It should be noted that there are no formal definitions for those terms – neither in the JVM specification nor in the Garbage Collection research papers. But on the first glance, building these definitions on top of what we know to be true about Minor GC cleaning Young space should be simple:
- Major GC is cleaning the Old space.
- Full GC is cleaning the entire Heap – both Young and Old spaces.

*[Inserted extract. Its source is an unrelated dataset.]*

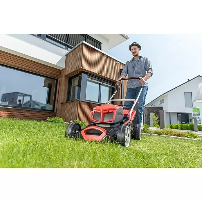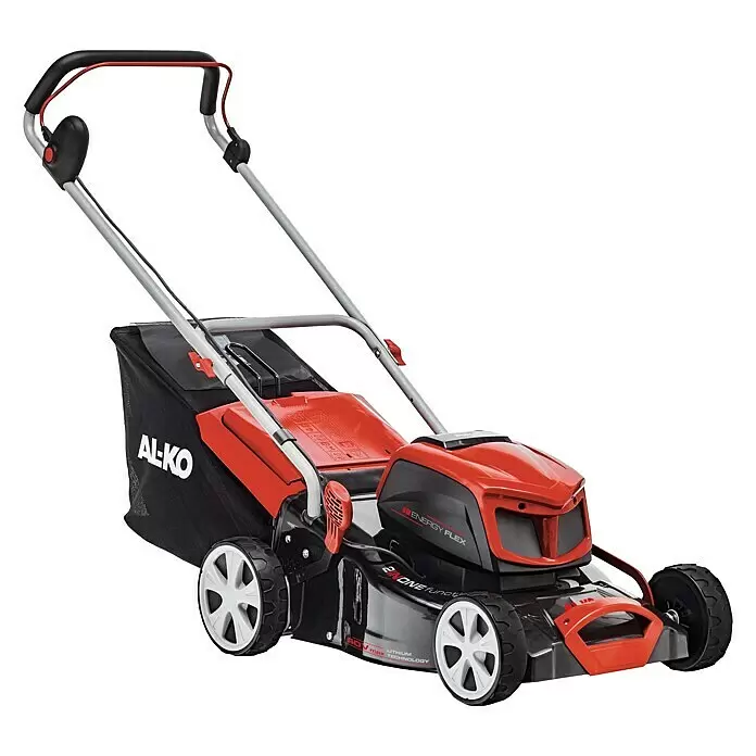 Der Energy Flex Akku-Rasenmäher 42.9 Li von AL-KO mit einer Schnittbreite von 42 cm eignet sich optimal für Grasflächen von bis zu 400 m². Die Schnitthöhe ist 7-fach per Einzelrad von 25 bis 75 mm einstellbar. Angetrieben wird der Rasenmäher mit dem leistungsstarken 40 V/4 Ah Li-Ion Akku der EnergyFlex Familie. Der ergonomisch geformte Führungsholm, die angenehme Gummierung im Griffbereich und die und kugelgelagerte Räder bieten zusätzlichen Komfort beim Arbeiten. Durch den robusten Fronttragegriff lässt sich der Akku-Rasenmäher einfach transportieren. Dank dem 60 l großen Fangkorb mit Füllstandsanzeige muss der Rasenschnitt seltener geleert werden.

Unfortunately it is a bit more complex and confusing. To start with – many Major GCs are triggered by Minor GCs, so separating the two is impossible in many cases. On the other hand – modern garbage collection algorithms like G1 perform partial garbage cleaning so, again, using the term ‘cleaning’ is only partially correct.
This leads us to the point where instead of worrying about whether the GC is called Major or Full GC, you should focus on finding out whether the GC at hand stopped all the application threads or was able to progress concurrently with the application threads.
This confusion is even built right into the JVM standard tools. What I mean by that is best explained via an example. Let us compare the output of two different tools tracing the GC on a JVM running with Concurrent Mark and Sweep collector (-XX:+UseConcMarkSweepGC)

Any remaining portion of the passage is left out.